Лео, я не собираюсь быть им судьей.
Энди Ривз, облаченный в смокинг, выходит вскоре после полуночи. У меня в этой ситуации нет оснований начинать издалека или умничать. Я выхожу из своей машины и иду к его «мустангу». Когда Ривз видит меня, на лице у него отнюдь не радостное выражение.
– Что вы здесь делаете, Дюма?
– Называйте меня моим псевдонимом, – говорю я. – Дик Шафтвуд.
Ему это не кажется смешным.
– Как вы меня нашли?
– Ваш сайт помог. Я член клуба поклонников Другого Пианиста.
И это тоже не кажется Ривзу смешным. Он ускоряет шаг.
– Мне вам нечего сказать. – Потом, подумав, произносит: – Если только вы не принесли мне пленку.
– Не принес, – отвечаю я. – Но я уже наелся, Энди.
– И что это значит?
– Это значит, что либо вы все мне выкладываете, либо я прямо сейчас рассылаю эту запись. – Я держу телефон так, будто мой большой палец готов нажать клавишу «отправить». Я блефую. – Начну с моего приятеля в «Вашингтон пост», а дальше пойду по адресам.
Глаза Ривза мечут кинжалы.
Я издаю вздох.
– Ну, как хотите. – Я делаю вид, что нажимаю кнопку.
– Постойте!
Мой палец замирает в готовности.
– Если я скажу вам правду о базе, вы даете слово забыть об этом?
– Да, – говорю я.
Он делает шаг ко мне.
– Вы должны поклясться памятью брата.
Ривз совершает ошибку, втягивая тебя в это дело, но я и в самом деле клянусь. Я мог бы внести в это оговорку. Мог бы сказать ему, что, если он или его шестерки причастны к смерти моего брата, я не только запою, как певучая канарейка, но лично приложу усилия к тому, чтобы каждый из них в отдельности и все они вместе понесли наказание.

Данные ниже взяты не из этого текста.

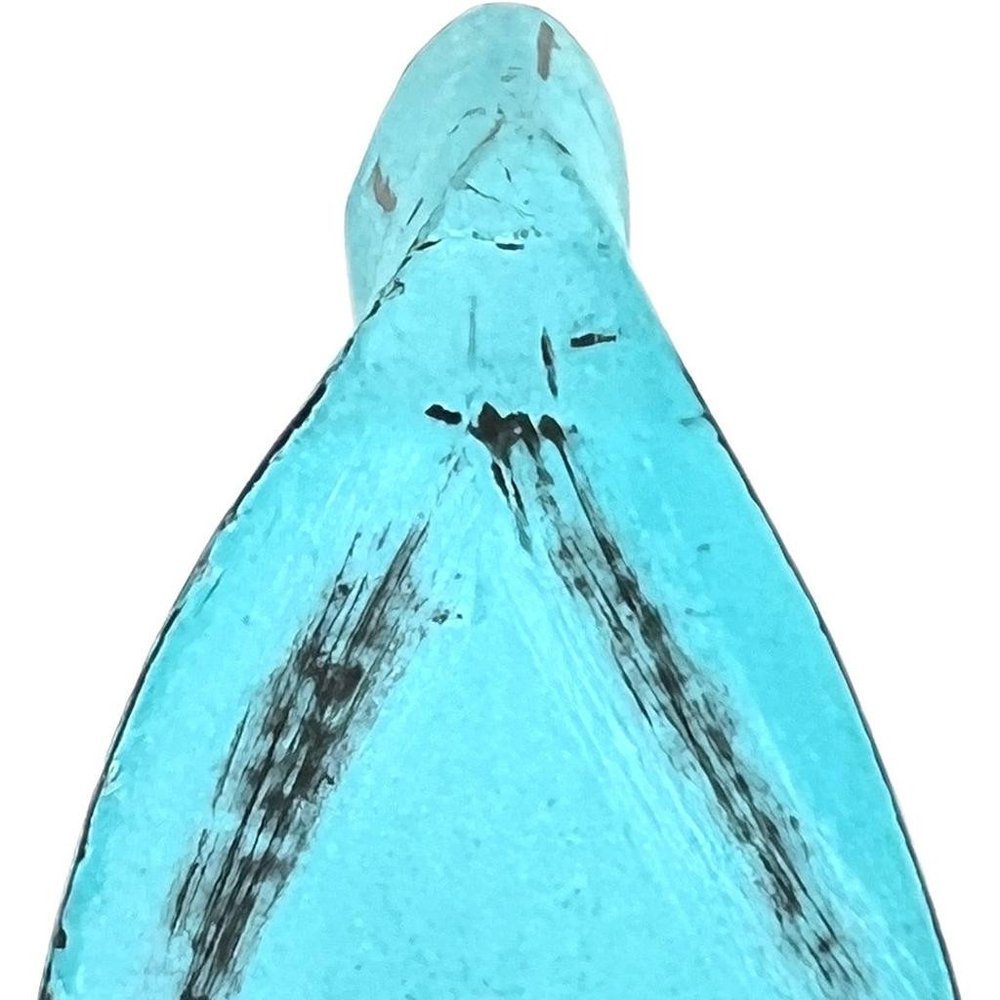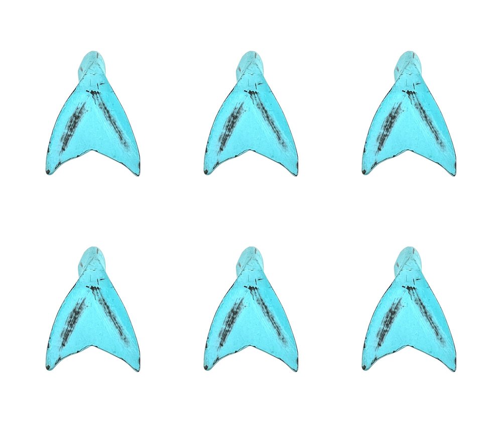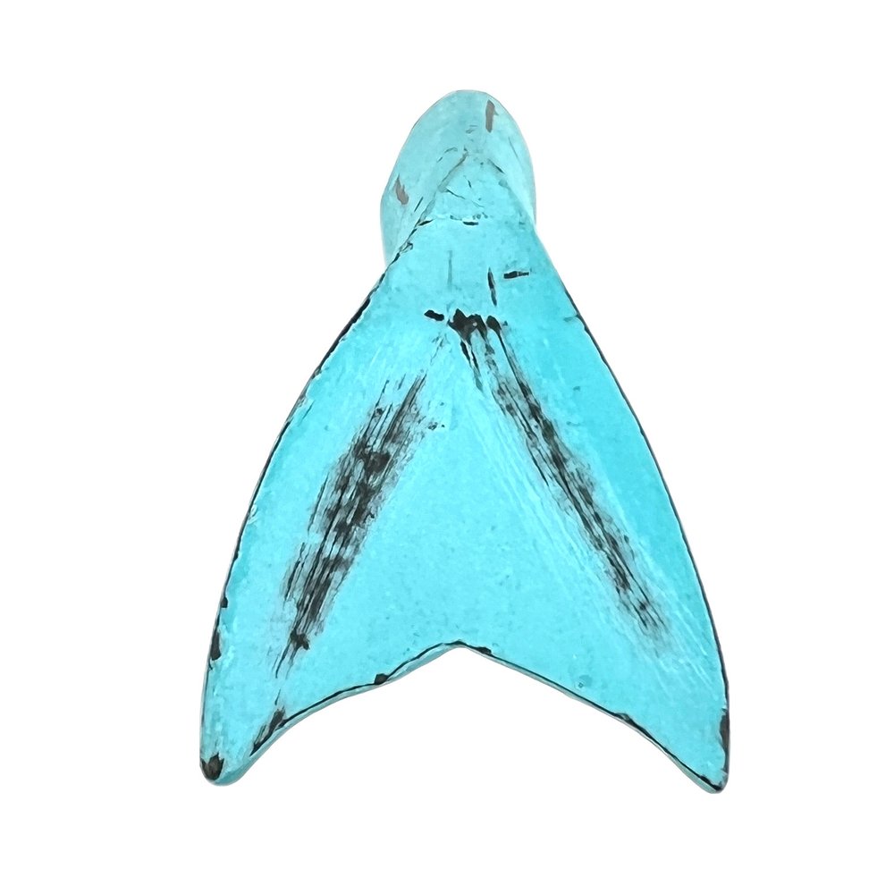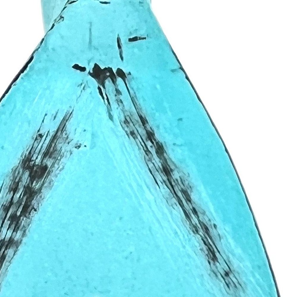 Give your drawers or cabinets a facelift with this set of six distressed aqua metal triangular drawer pull knobs. Hand-painted by talented artisans, these knobs will add a touch of artisanal design. Crafted from durable metal, they offer both strength and aesthetic appeal. Each knob features purposeful distressing, ensuring a unique look for every piece. The included screws make installation a breeze, allowing you to refresh your furniture effortlessly. With their eye-catching color and design, these knobs are perfect for creating a vintage or rustic vibe in your home decor. 6-inch h x 5-inch w x 1.5-inch d.

Клятва эта для меня ничего не значит.
– Хорошо, – соглашается Энди Ривз. – Пойдемте поговорим где-нибудь.
– Меня устраивает и здесь.
Он оглядывает парковку подозрительным взглядом. Видит нескольких посетительниц на нетвердых ногах, но вряд ли кто-то из них способен что-то подслушать. И все же он большую часть жизни работал в каком-то секретном правительственном учреждении, ЦРУ или еще где-то, так что мне понятна его подозрительность.
– Давайте хотя бы сядем в мою машину, – предлагает Ривз.
Я выхватываю ключ из его руки и сажусь на пассажирское сиденье. Он садится на водительское. Теперь мы оба смотрим вперед. Перед нами ограда прежней военной тюрьмы, знавшая лучшие дни. Несколько деревянных столбов либо отсутствуют, либо треснули, словно зубы бродяги после многочисленных драк.
– Я жду, – говорю я.
– Мы не были отделением Министерства сельского хозяйства, – начинает Ривз. После этих слов он замолкает.
– Да, я вроде как дошел до этого своим умом, – напоминаю я.
– Тогда все остальное просто. То, что происходило на базе, имеет высшую степень секретности. Теперь вы это знаете. Я это подтверждаю. Этого должно быть достаточно.
– И в то же время нет, – говорю я.
– Мы не имеем никакого отношения к смерти вашего брата и Дайаны Стайлс.
Я смотрю на него весьма и весьма выразительно: «Ближе к делу». Энди Ривз театрально взвешивает свой следующий шаг. Он заставляет меня снова поклясться никому не говорить ни слова, никогда, потому что он в любом случае будет все отрицать, и ничто из сказанного им не должно выйти за пределы салона машины. В общем, ты понимаешь.
Я соглашаюсь со всем этим, и теперь мы можем идти дальше.
– Вы знаете, о каком временно́м периоде мы говорим, – продолжает Энди Ривз. – Пятнадцать лет назад. После одиннадцатого сентября. Иракская война. Аль-Каида. Все эти дела. Вы должны смотреть на те события в таком контексте.
– Ладно.
– Вы помните человека по имени Терри Фремонд?
Я роюсь в своем банке памяти. Помню.
– Сын богатых родителей, белый, из пригорода Чикаго, террорист. «Дядя Сэм Аль-Каида» – так его называли. Что-то в таком роде. Он был в первой десятке ФБР среди особо опасных разыскиваемых преступников.
– Он по-прежнему там, – объясняет Энди Ривз. – Пятнадцать лет назад Фремонд, вернувшись домой, организовал террористическую ячейку. Ее членам почти удалось осуществить то, что могло стать, вероятно, худшим событием в истории Штатов после одиннадцатого сентября. – Энди Ривз поворачивает голову, ловит мой взгляд. – Вы помните официальную историю о том, что случилось с Терри?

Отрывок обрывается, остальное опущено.